Below are some entries. Transcribe the lines from the one holding "Abbiamo aggiornato, integrato" to the one holding "vintageファブリックだ", inclusive, but not the pictures among them.

_Task input_
"""

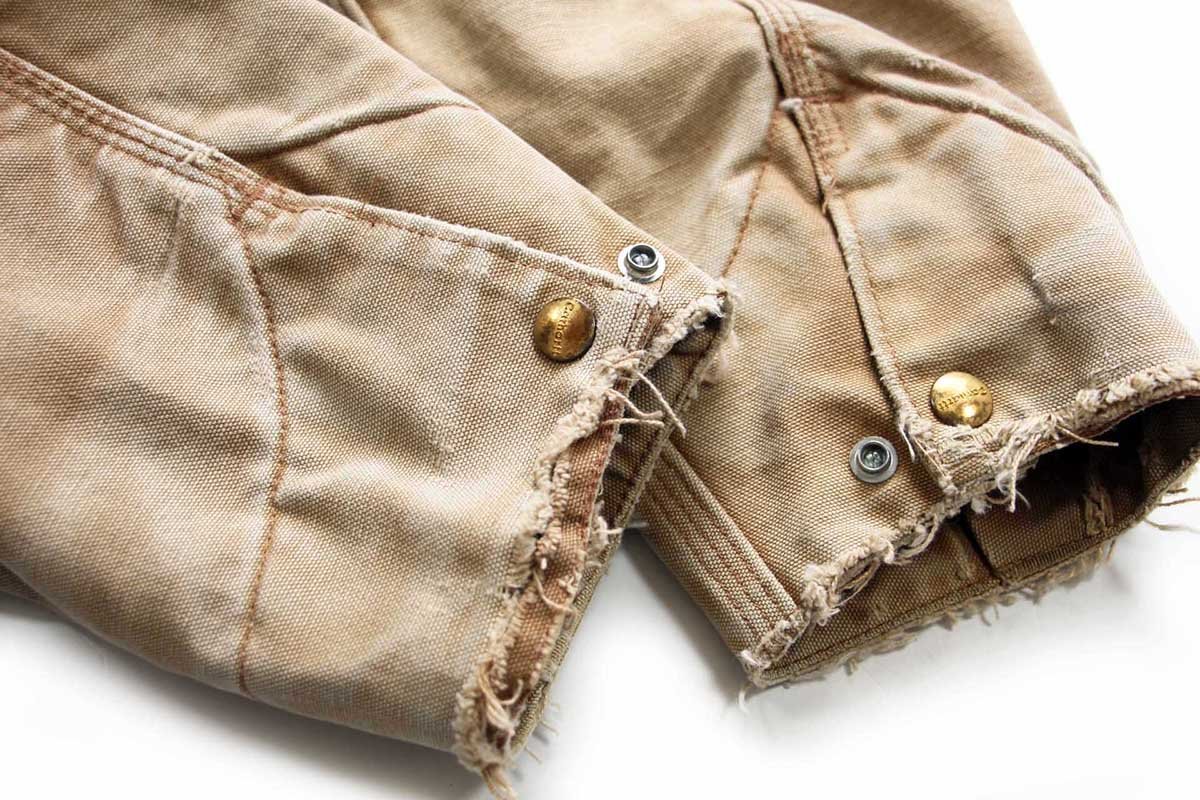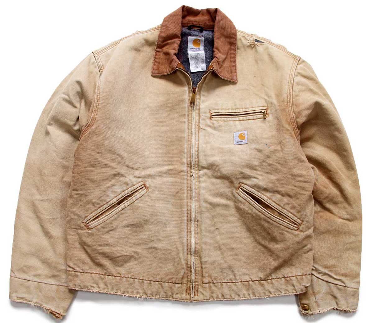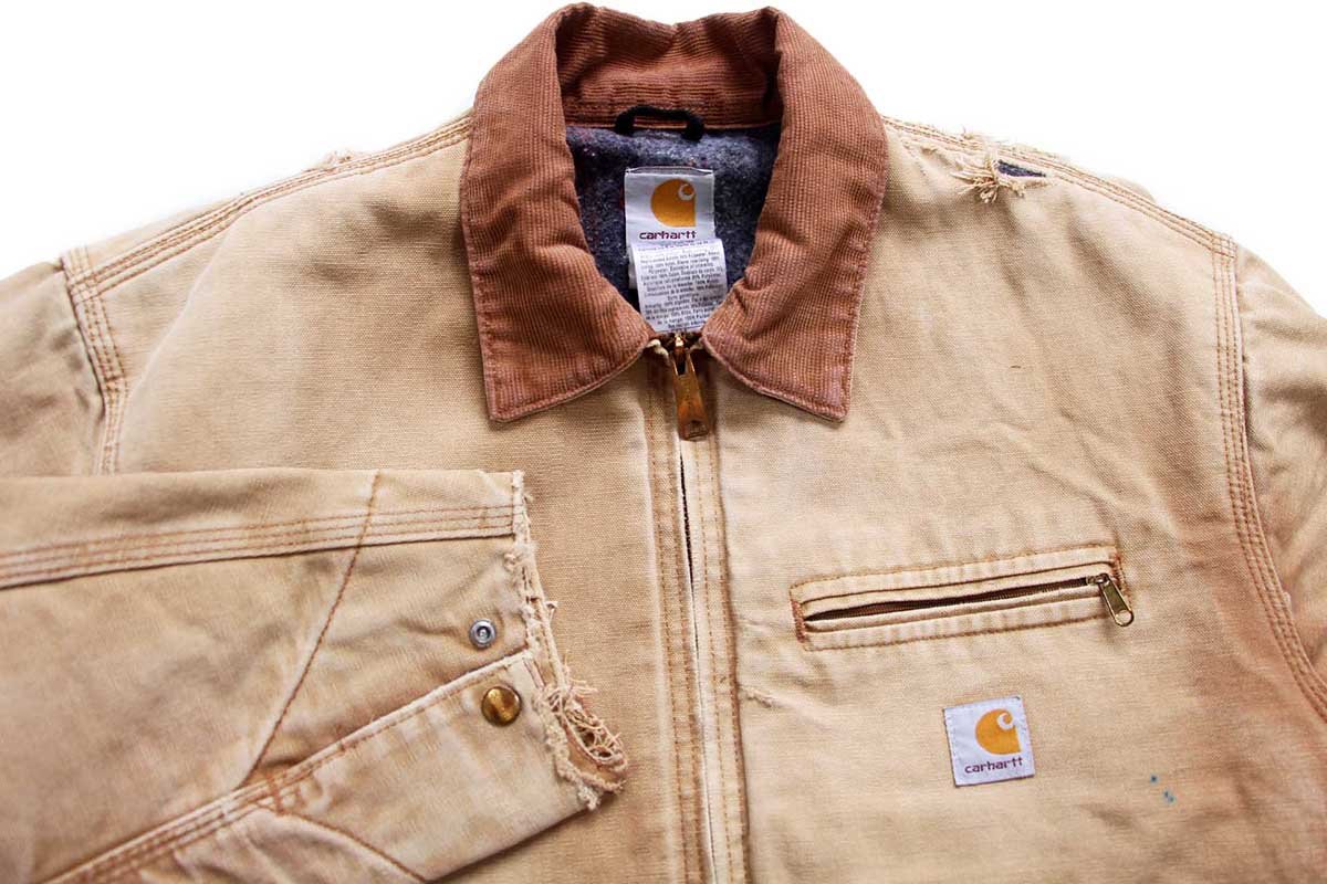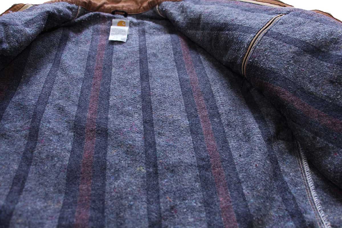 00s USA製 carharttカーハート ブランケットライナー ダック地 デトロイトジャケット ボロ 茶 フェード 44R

"""
"""

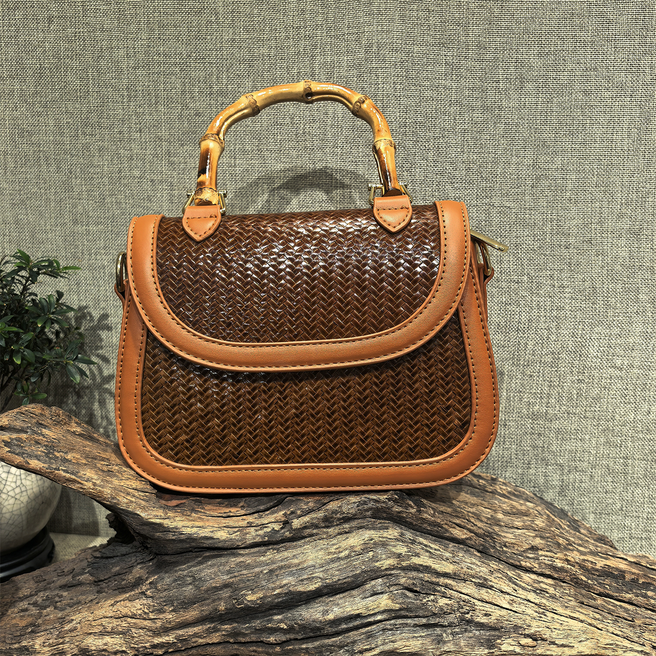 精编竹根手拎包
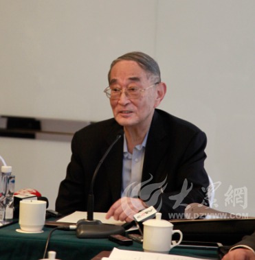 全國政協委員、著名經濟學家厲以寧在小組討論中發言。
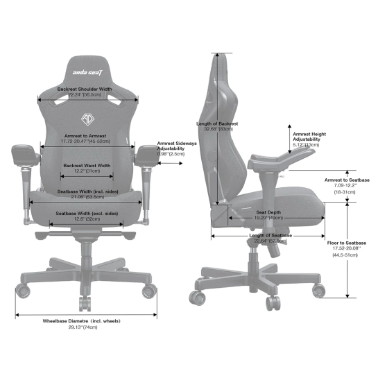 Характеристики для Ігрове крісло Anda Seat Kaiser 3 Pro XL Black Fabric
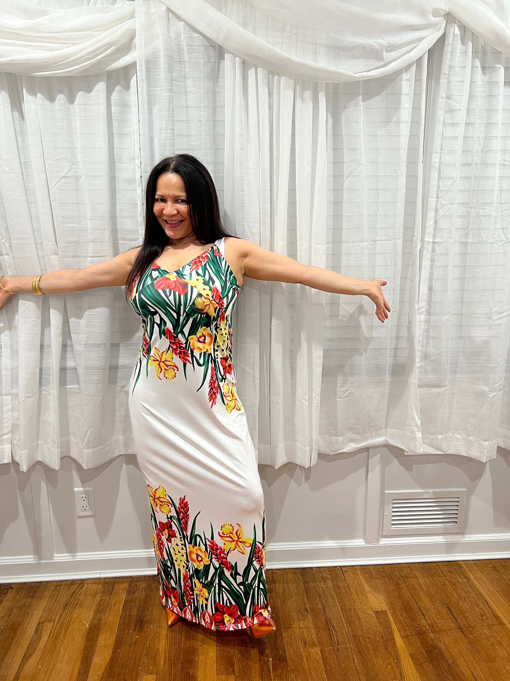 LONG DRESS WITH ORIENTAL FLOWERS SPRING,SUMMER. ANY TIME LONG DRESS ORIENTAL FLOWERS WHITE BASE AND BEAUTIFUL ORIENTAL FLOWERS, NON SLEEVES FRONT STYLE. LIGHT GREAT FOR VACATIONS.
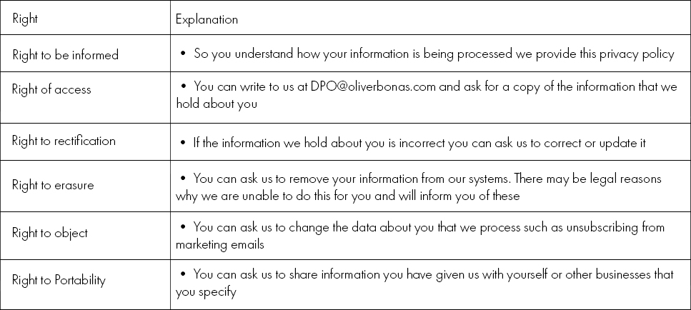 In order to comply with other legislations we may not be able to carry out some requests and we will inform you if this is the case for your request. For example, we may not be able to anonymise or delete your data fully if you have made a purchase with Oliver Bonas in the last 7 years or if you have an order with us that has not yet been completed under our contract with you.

"""
"""

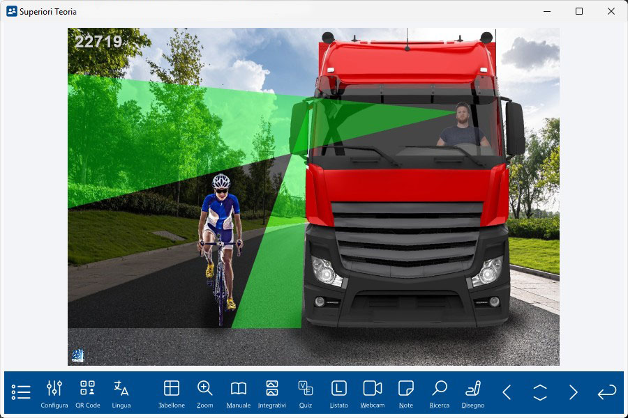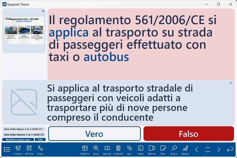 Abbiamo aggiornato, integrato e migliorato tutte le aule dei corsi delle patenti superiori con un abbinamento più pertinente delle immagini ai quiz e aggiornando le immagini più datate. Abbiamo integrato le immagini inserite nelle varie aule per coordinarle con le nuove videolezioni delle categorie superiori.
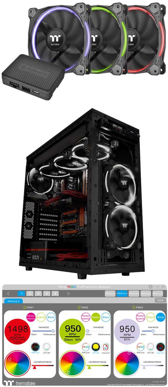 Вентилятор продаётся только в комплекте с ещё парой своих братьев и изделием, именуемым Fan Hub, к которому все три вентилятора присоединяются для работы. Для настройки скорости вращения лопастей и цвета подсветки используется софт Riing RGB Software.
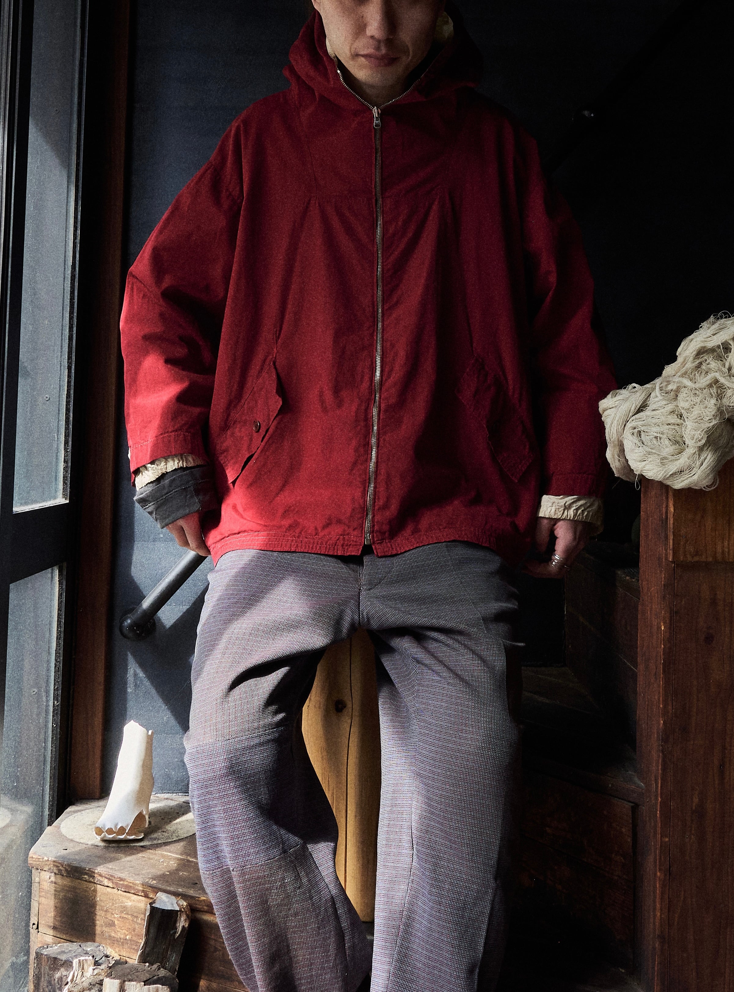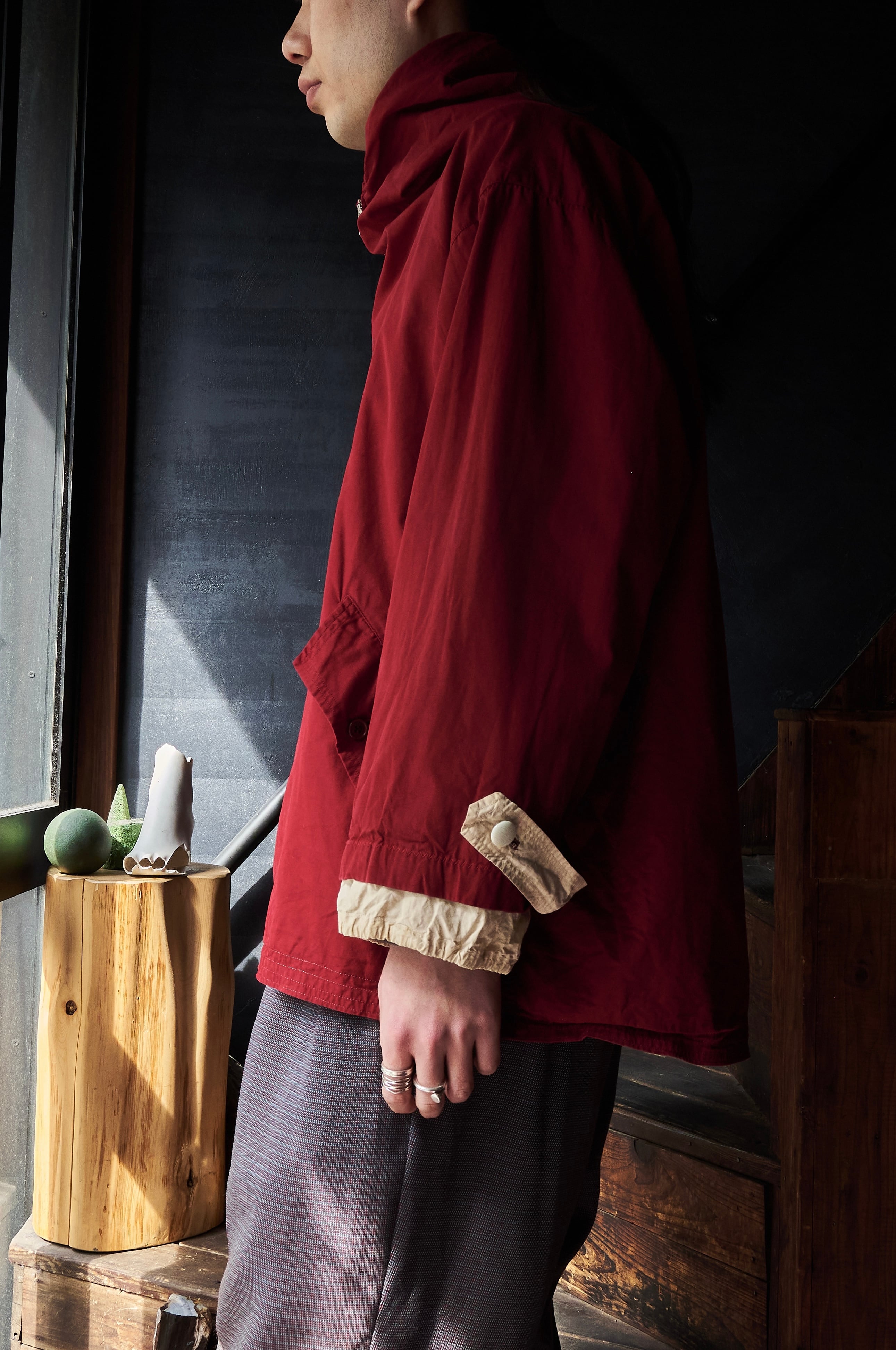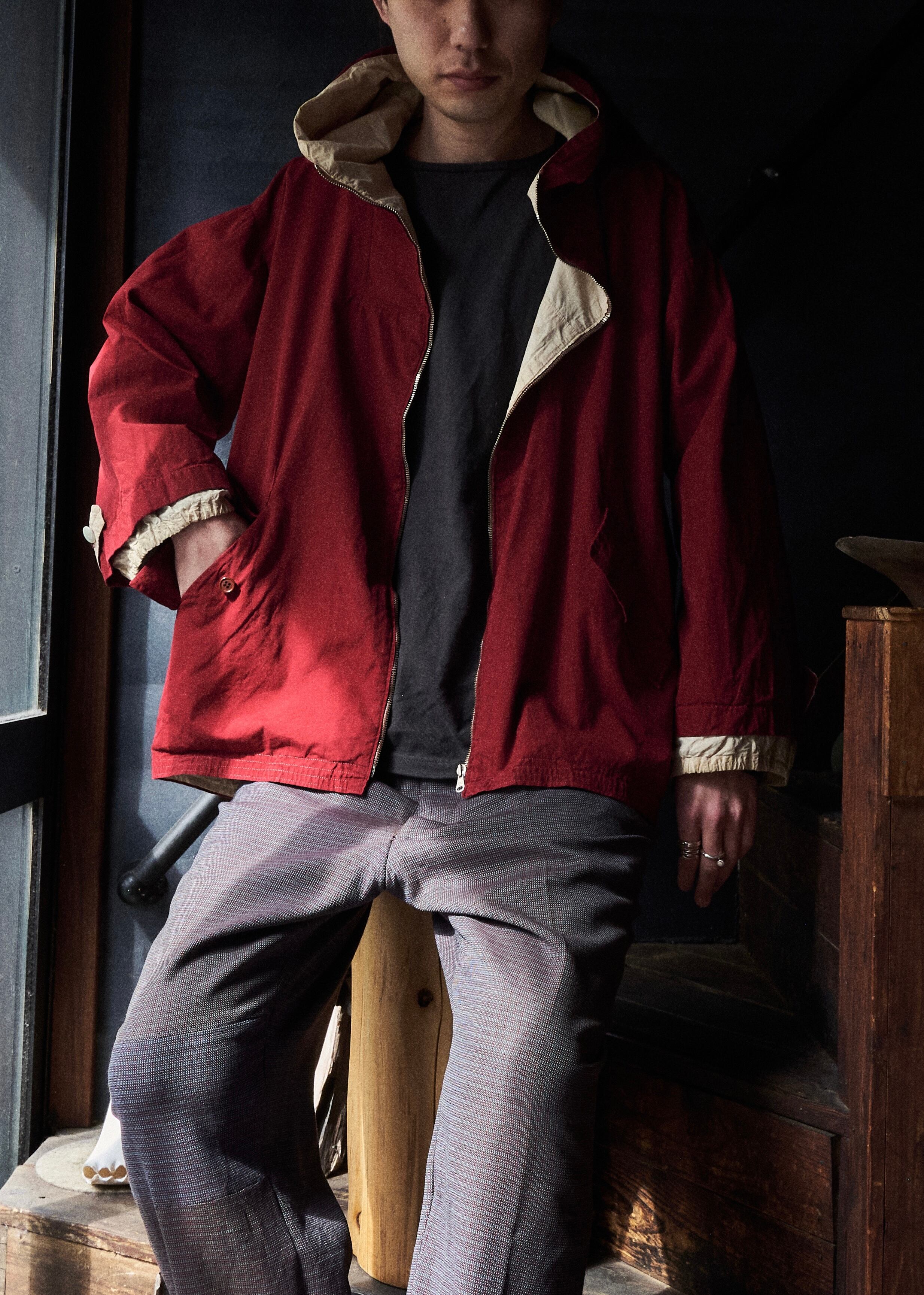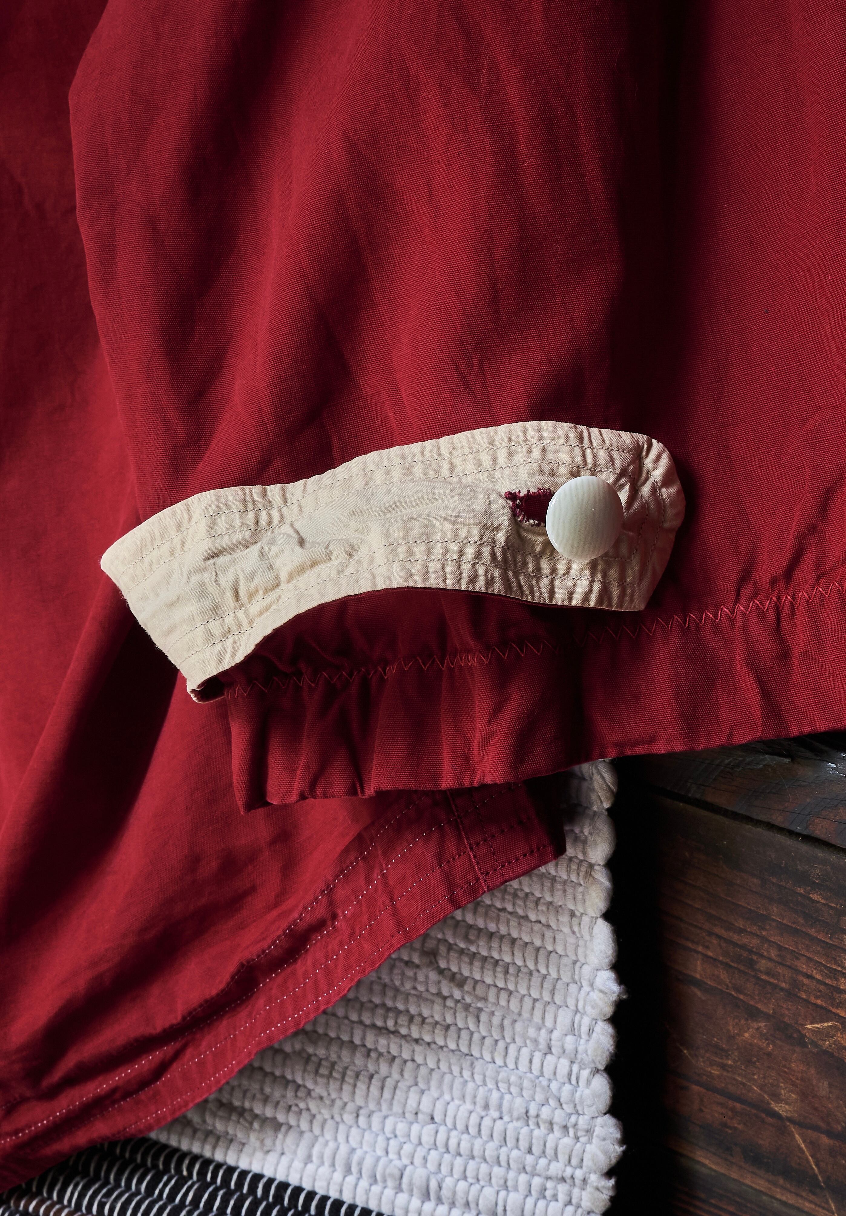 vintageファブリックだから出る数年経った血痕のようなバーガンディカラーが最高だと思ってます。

"""

_Reply_
 Abbiamo aggiornato, integrato e migliorato tutte le aule dei corsi delle patenti superiori con un abbinamento più pertinente delle immagini ai quiz e aggiornando le immagini più datate. Abbiamo integrato le immagini inserite nelle varie aule per coordinarle con le nuove videolezioni delle categorie superiori.
 Вентилятор продаётся только в комплекте с ещё парой своих братьев и изделием, именуемым Fan Hub, к которому все три вентилятора присоединяются для работы. Для настройки скорости вращения лопастей и цвета подсветки используется софт Riing RGB Software.
 vintageファブリックだから出る数年経った血痕のようなバーガンディカラーが最高だと思ってます。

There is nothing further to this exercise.